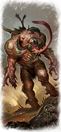 Some amongst the Children of Chaos are bestowed with an abundance of the Dark Ones' gifts, becoming creatures whose bodily forms epitomise nightmare and unreason. Such creatures might once have been great Chieftains who called upon the favour of the Dark Gods one time too many. They might have been Bray-Shamans who drew too deep of the power of Chaos, their forms blasted beyond recognition by the raw power of Magic. It may even have been one who strayed too close to Morghur, Master of Skulls, whose aura of transmogrification changes all. In some cases, the creature might simply have been born that way, in all likelihood slaughtering its beast-mother in the process. When the warherd goes to battle, the Chaos spawn come shambling from their lairs. The Beastmen have no control over a Spawn's actions, and it will behave in a largely unpredictable manner. The Spawn will move towards the enemy and crash flailing into its ranks; teeth, claws, and tentacles tearing men limb from limb in a shower of blood and ruination before it is finally put out of its misery.
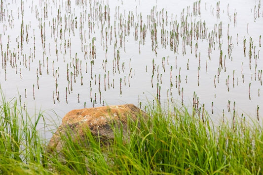 Plant and rock in the glacier river-Yttygran Island-Bering Sea-Russia Far East White Modern Wood Framed Art Print with Double Matting by Su, Keren
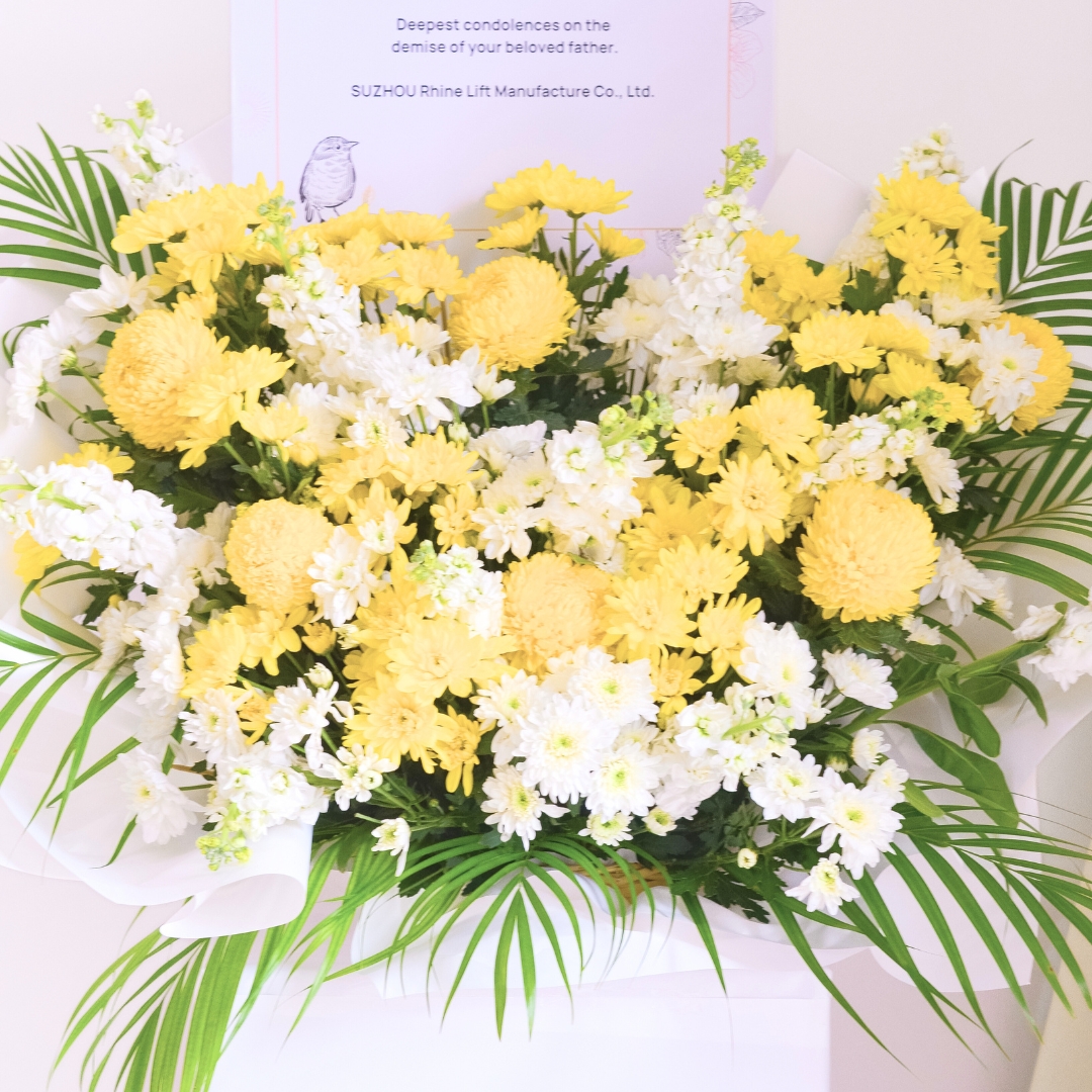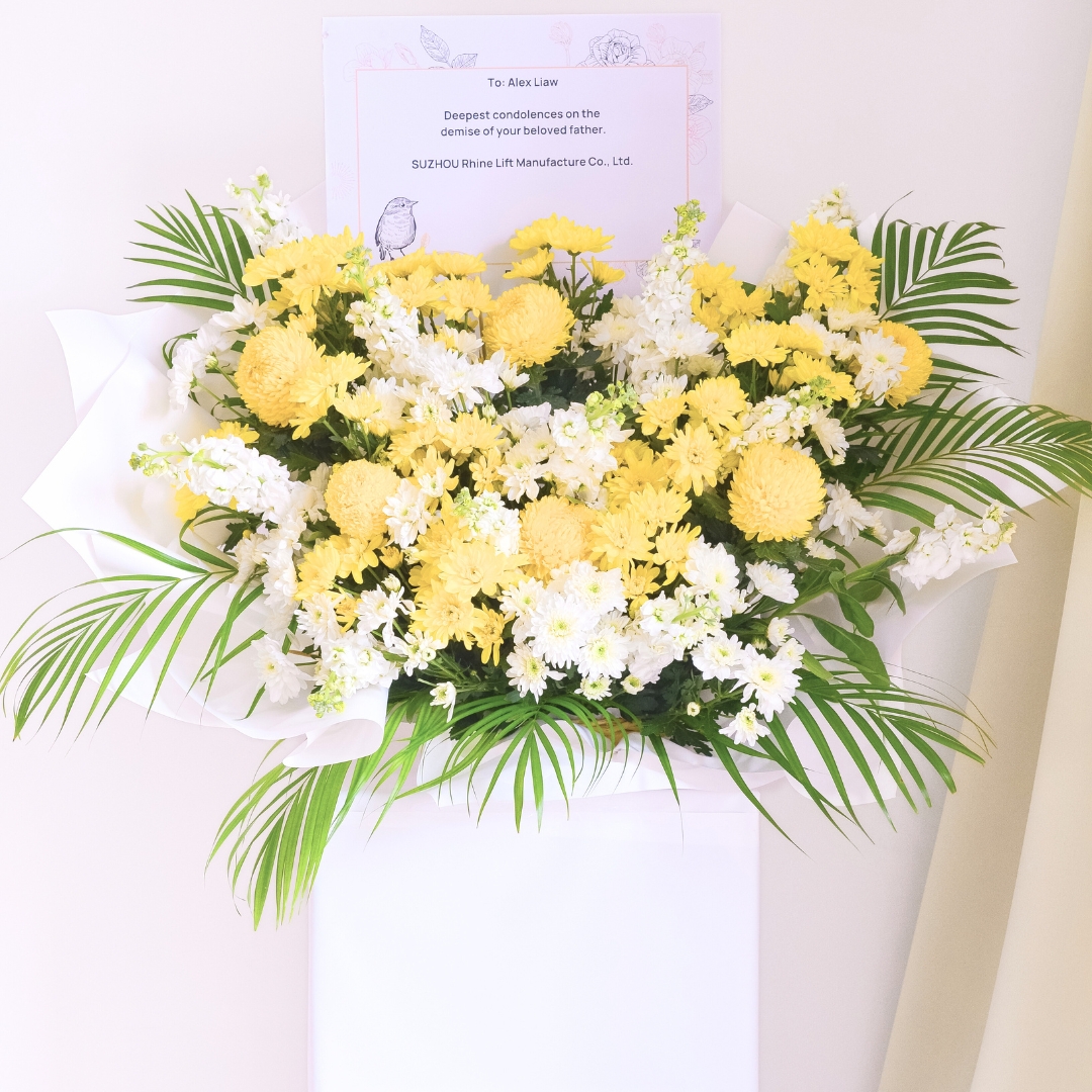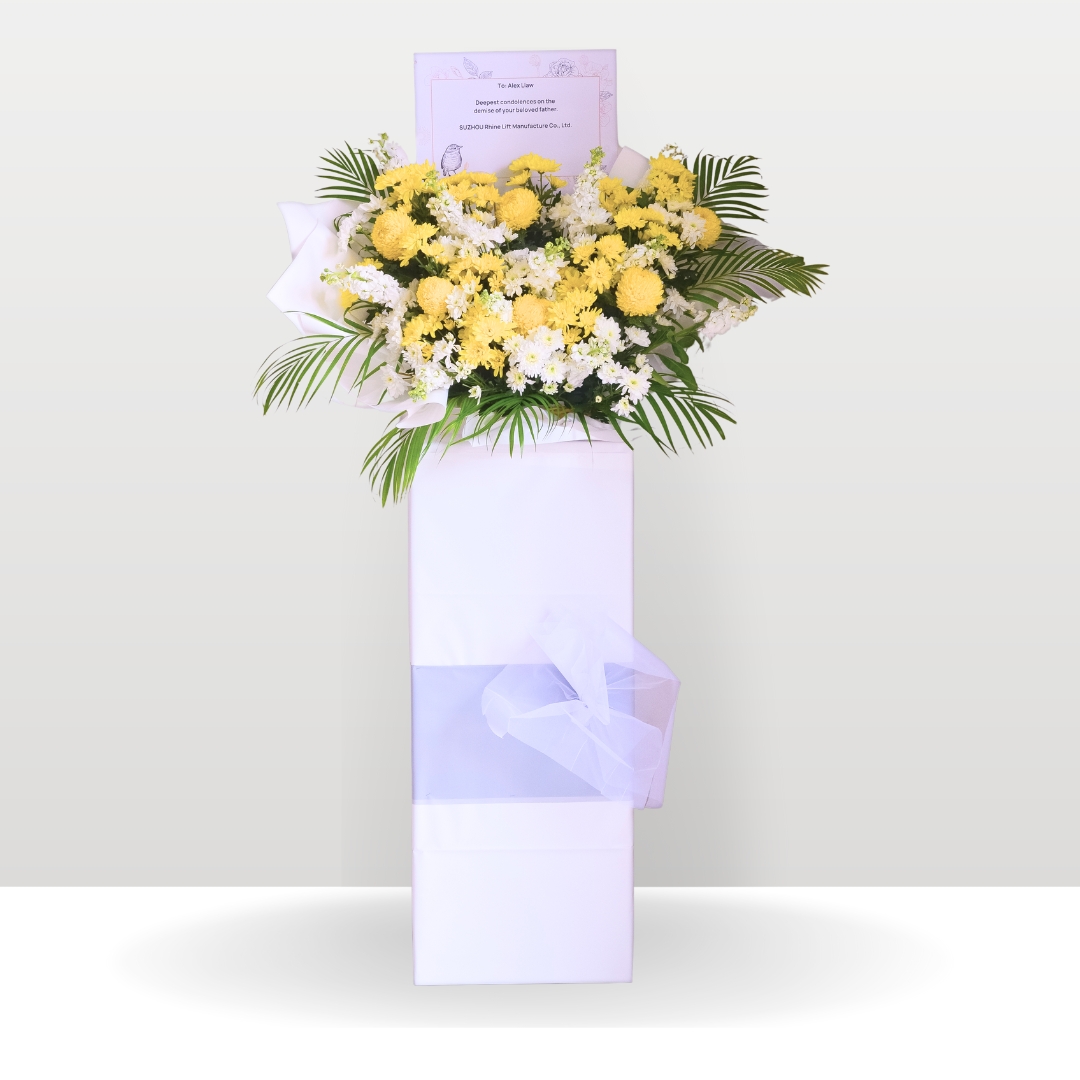 The Gentle Comfort Condolences Flower Stand offers a serene blend of yellow and white tones, symbolizing warmth and peace. Featuring yellow paper mums, white pom poms, and yellow pom poms, paired beautifully with the soft texture of white matthiola. The addition of palm leaves and green foliage brings natural elegance to the arrangement. Displayed on a square bottom stand with clean white wrapping, this flower stand provides a heartfelt expression of condolences, offering gentle comfort during times of loss.

**Work request**
Please give all of the data again, exact and free of pictures.

**Task answer**
 Some amongst the Children of Chaos are bestowed with an abundance of the Dark Ones' gifts, becoming creatures whose bodily forms epitomise nightmare and unreason. Such creatures might once have been great Chieftains who called upon the favour of the Dark Gods one time too many. They might have been Bray-Shamans who drew too deep of the power of Chaos, their forms blasted beyond recognition by the raw power of Magic. It may even have been one who strayed too close to Morghur, Master of Skulls, whose aura of transmogrification changes all. In some cases, the creature might simply have been born that way, in all likelihood slaughtering its beast-mother in the process. When the warherd goes to battle, the Chaos spawn come shambling from their lairs. The Beastmen have no control over a Spawn's actions, and it will behave in a largely unpredictable manner. The Spawn will move towards the enemy and crash flailing into its ranks; teeth, claws, and tentacles tearing men limb from limb in a shower of blood and ruination before it is finally put out of its misery.
 Plant and rock in the glacier river-Yttygran Island-Bering Sea-Russia Far East White Modern Wood Framed Art Print with Double Matting by Su, Keren
 The Gentle Comfort Condolences Flower Stand offers a serene blend of yellow and white tones, symbolizing warmth and peace. Featuring yellow paper mums, white pom poms, and yellow pom poms, paired beautifully with the soft texture of white matthiola. The addition of palm leaves and green foliage brings natural elegance to the arrangement. Displayed on a square bottom stand with clean white wrapping, this flower stand provides a heartfelt expression of condolences, offering gentle comfort during times of loss.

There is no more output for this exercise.